Author: Bianca Moeschinger

May 2025


So often we speak of being present. Of landing in the moment. Of coming home to ourselves.

But how often does that truly happen?

For many of us, being in the body—in the now—is a rare occurrence. Most of the time, we’re in motion: mentally travelling to the past, projecting into the future, looping through what-ifs, should-haves, and imagined scenarios. Our minds become travellers—moving not only through time but across dimensions of truth, illusion, memory, and fantasy.

Meanwhile, our bodies are anchored in real time.
Breathing.
Beating.
Digesting.

Trying to manage a flood of chemistry and command signals from a mind that’s often elsewhere.

And so, what becomes real—what becomes physical—is only what lands. Only the parts of us that return from the mental, emotional, or energetic wandering and take shape in form. The breath we remember to take. The tear we allow to fall. The impulse we honour instead of override.

Why say all this?

Because this is what I do every day. My work—whether in emotional release bodywork or therapeutic space-holding—is essentially this: I hold someone’s hand long enough for them to find their way back to themselves. I create a pause. A space. A mirror. A moment.

Sometimes that moment comes through a single breath. Sometimes it takes months. And sometimes, that moment never comes at all—because the person has wandered so far out of themselves, their nervous system no longer recognises the path home.

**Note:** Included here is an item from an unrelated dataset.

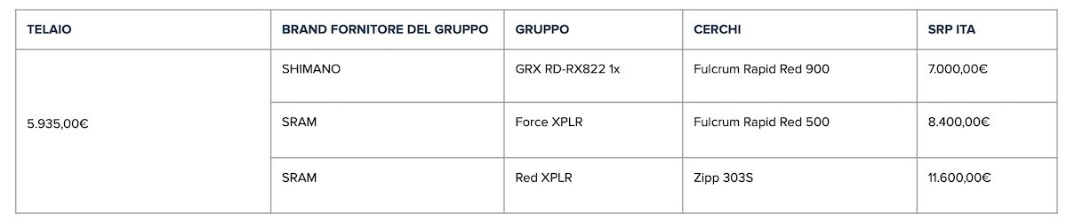 Si tratta di una piattaforma unica declinata in tre versioni, che hanno caratteristiche diverse ma alcuni denominatori comuni, come l’attenzione al design, il telaio in carbonio modulare (non monoscocca) e la produzione Made in Italy.

But when it does come… it is nothing short of a homecoming.

In a recent podcast, I spoke about the phrase “hurt people hurt people.” And while it’s true, there’s something deeper: hurt people also hurt themselves. Not always in visible ways. But in the ways they disconnect. The ways they silence their own needs. The ways they lose themselves in external influence, stimulation, or chaos—or the way they have forgotten how to listen to the quiet words of their inner self.

Sometimes, we travel so far out of ourselves, we forget the way back. And tragically, some never return.

The soul has its own light. Its own pulse of life. But it competes. It competes with a world overflowing with impressions, distractions, seductions. And while some of those stimulations are life-giving—colour, scent, taste, touch, sensuality—others offer an artificial high. A surface-level turn-on that mimics pleasure but leaves no nourishment.

So how do we know the difference?

Artificial pleasure is like sugar—fast, sweet, stimulating. It gives us a high, a quick hit, a fleeting sense of satisfaction. It lights us up, but only temporarily. It doesn’t settle in the body. It doesn’t land. It doesn’t nourish.

True pleasure, by contrast, is spice—warm, slow, full-bodied. It turns on every cell. It rises through the breath, melts through the belly, and sings in the skin. It doesn’t rush. It lingers. It fills. It sustains.

One leaves us seeking more. The other reminds us we already have enough.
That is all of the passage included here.